Xu Rui, Wunsch Donald
Department of Electrical and Computer Engineering, University of Missouri-Rolla, Rolla, MO 65409, USA.
IEEE Trans Neural Netw. 2005 May;16(3):645-78. doi: 10.1109/TNN.2005.845141.
Data analysis plays an indispensable role for understanding various phenomena. Cluster analysis, primitive exploration with little or no prior knowledge, consists of research developed across a wide variety of communities. The diversity, on one hand, equips us with many tools. On the other hand, the profusion of options causes confusion. We survey clustering algorithms for data sets appearing in statistics, computer science, and machine learning, and illustrate their applications in some benchmark data sets, the traveling salesman problem, and bioinformatics, a new field attracting intensive efforts.
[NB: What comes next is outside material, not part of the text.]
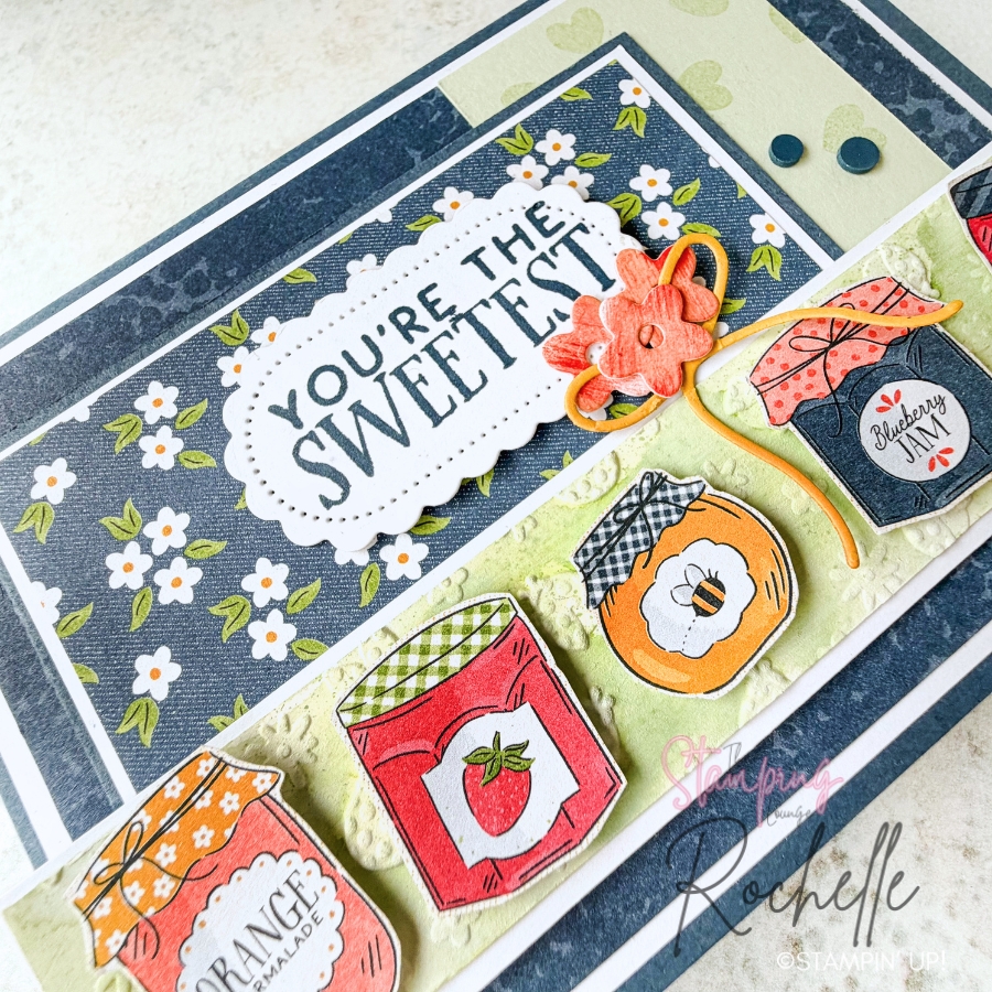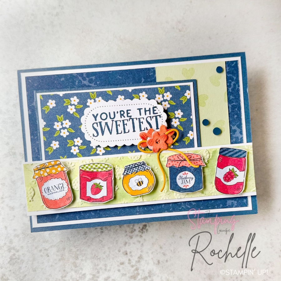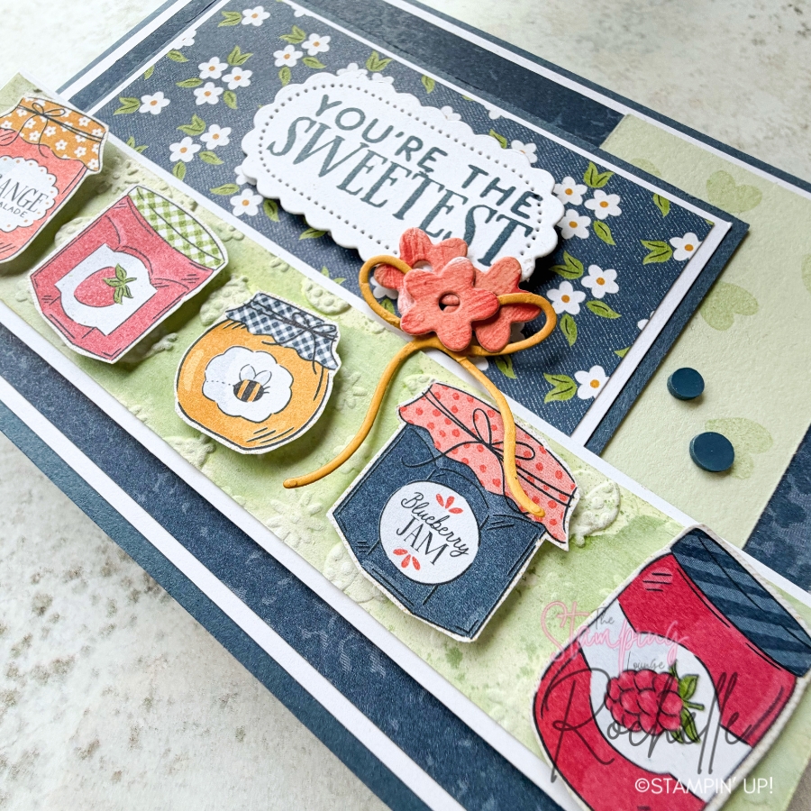 I’ve really made the most of the Designer Series Paper on this card—using it not just for layering, but also for those ‘sweet’ fussy cut jam jars to tie everything together beautifully.

Several tightly related topics, proximity measure, and cluster validation, are also discussed.
数据分析对于理解各种现象起着不可或缺的作用。聚类分析是一种在几乎没有或完全没有先验知识的情况下进行的原始探索,它涵盖了多个不同领域开展的研究。一方面,这种多样性为我们提供了许多工具;另一方面,大量的选择也会导致困惑。我们考察了统计学、计算机科学和机器学习中出现的数据集的聚类算法,并说明了它们在一些基准数据集中的应用、旅行商问题以及生物信息学(一个吸引大量研究精力的新领域)中的应用。还讨论了几个紧密相关的主题、相似度度量和聚类验证。